NHS 75: Rapid staff additions needed, chief says – BBC News

  • By Jenny Rees
  • BBC Wales health correspondent


The NHS is under increasing pressure as it marks 75 years since its founding

The head of the NHS in Wales, Judith Paget, acknowledged the need for “rapid increases in staff numbers”, as well as fast-moving changes.

He also doesn’t rule out withdrawing from treatment until patients make lifestyle changes to improve their health.

Ms Paget spoke as the service marked its 75th anniversary.

On the issue of withdrawal from lifestyle treatments, he said: “If there’s good evidence to think about what that might look like, I think it’s a possibility.

“We know that when people are obese, their ability to respond well to surgical procedures and recover well is compromised. What we want to do is support people to lose weight before they have surgical procedures.”

But he is clear that he “will struggle with the concept of rejecting people’s medication based on some of their lifestyle choices”.


Judith Paget says the NHS has evolved, but more changes are needed

Ms Paget acknowledged the need for service changes as she faced growth in demand for services, with referrals alone having risen 13% in the past year.

That’s set against a backdrop of around 5,000 vacancies, according to Stats Wales, which also acknowledged this may be an underestimation.

He said progress on wiping out the pandemic’s backlog has been slower than he’d like, but insisted “we’ll get there”.

The waiting list for treatment in Wales currently stands at over 743,300 – approximately 582,000 individual patients – with the Welsh government’s goal of reducing waiting times still unfulfilled.

‘Big challenges ahead’

“I think we need to change what we do,” he said. “One of the things we really need to focus on is how we focus on keeping people healthy: preventing poor health; supporting our patients to make good choices around what they do.”

He pointed to the “big challenges ahead of us” posed by obesity and diabetes and the need for people to take good care of themselves.
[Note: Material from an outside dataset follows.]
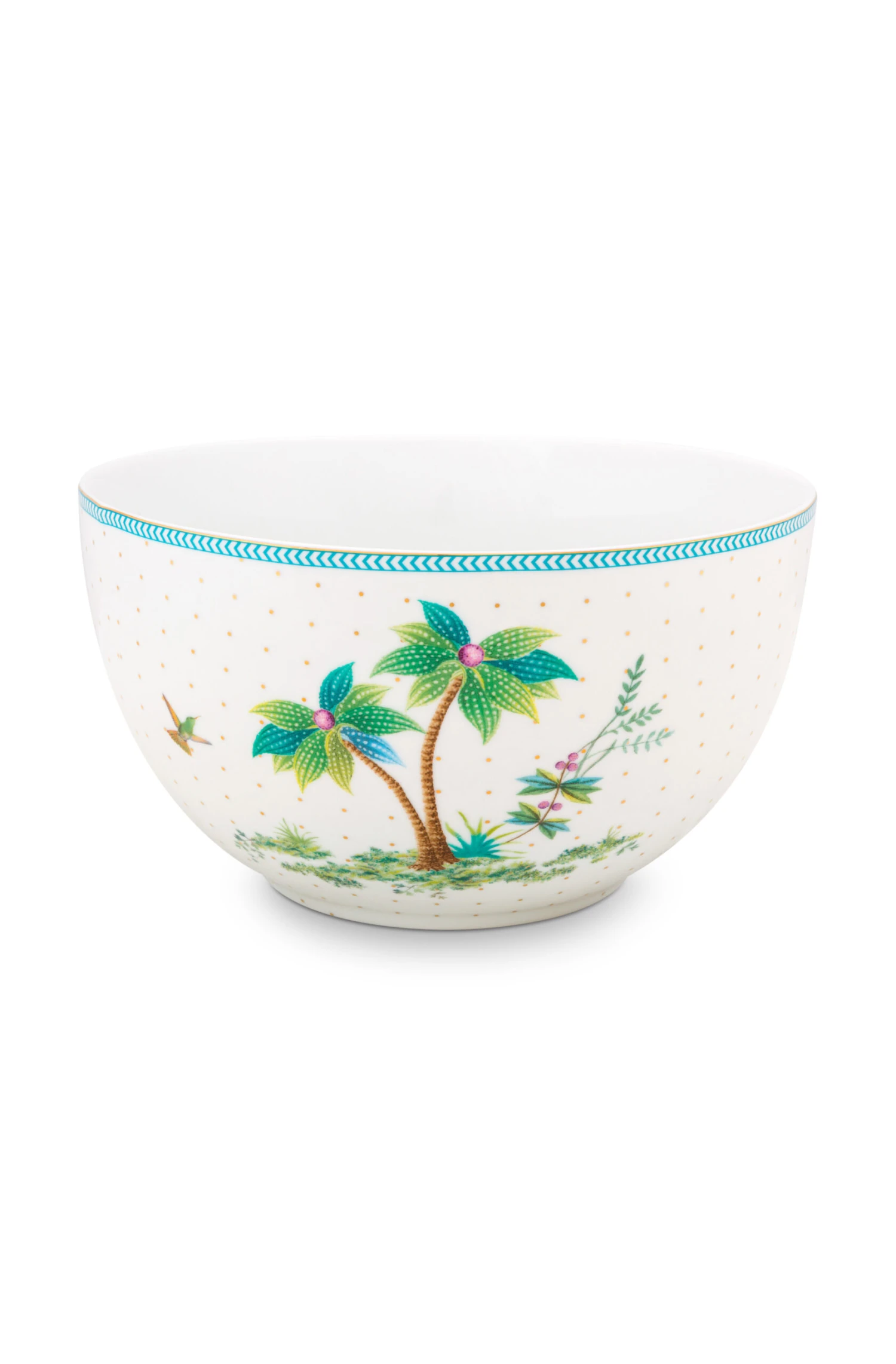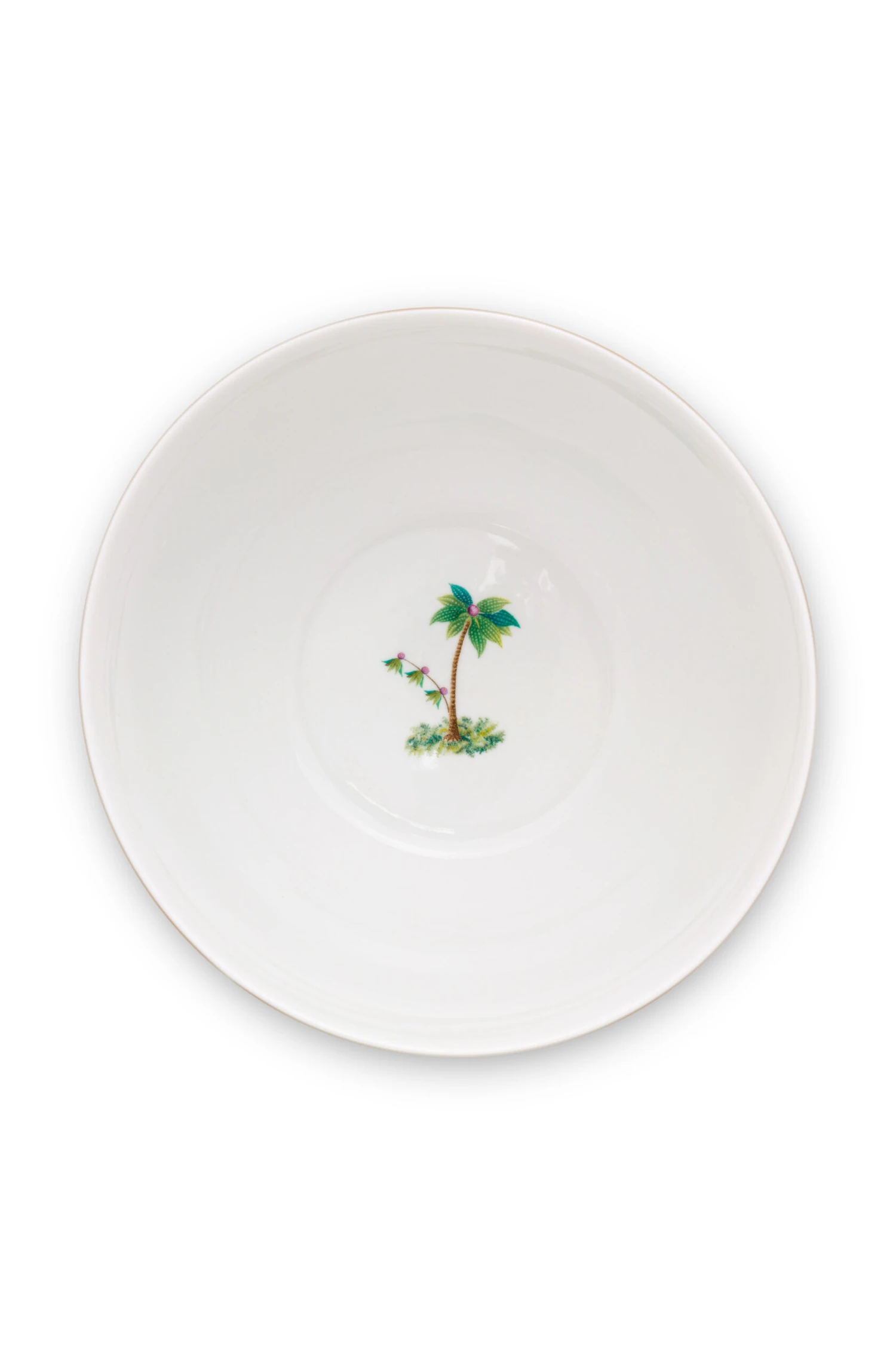 Diese Schale hat einen weißen Hintergrund mit goldenen Punkten und blauen Details. Der Rand wird von einer blauen Linie geziert, außen befinden sich verschiedene exotische Pflanzen.

However, the way services are delivered has changed, he said.

Ten years ago a controversial plan to concentrate some specialist services in south Wales was scrapped.

image source, Getty’s image


Services are experiencing low staff morale and patient frustration over access to care

Different models are developing, but with the development of regional diagnostic centers and centers specializing in orthopedics and ophthalmic surgery all serving patients from multiple health boards, waiting times have reframed the discussion.

“I think it’s very important to have conversations with communities that may be affected by any change, but what we definitely need to do is focus our resources on providing the best health outcomes for patients.

“What we’re seeing right now is technology and research pulling us in both directions.

“There’s so much more we can do outside of the hospital in people’s homes; in the local community; in local doctors’ surgeries, GP surgeries; in other primary care settings.

“So we have something that attracts us like this — to decentralize. And then obviously we have another attraction, which is about the need to more centralize our highly specialized services.


NHS architect Aneurin Bevan met teenager Sylvia Beckingham, who was the first NHS patient admitted to a Manchester hospital in 1948

“We need to provide opportunities for people to access diagnostics very quickly and the most efficient and effective way of doing that is in larger centers where we centralize everything together.”

Given low staff morale and patient frustration over access to care, is the 75th anniversary of the NHS a moment to celebrate, or take stock?

“I think we should celebrate NHS staff,” he said.

“They’ve been through a lot over the last few years. They are constantly being challenged.

“I think the constant criticism that they feel really takes a toll on their morale as well.

“So I think it’s time to yes, take stock and reflect. But, actually, I think there is a much stronger need to celebrate what staff in the NHS do every day to support us.”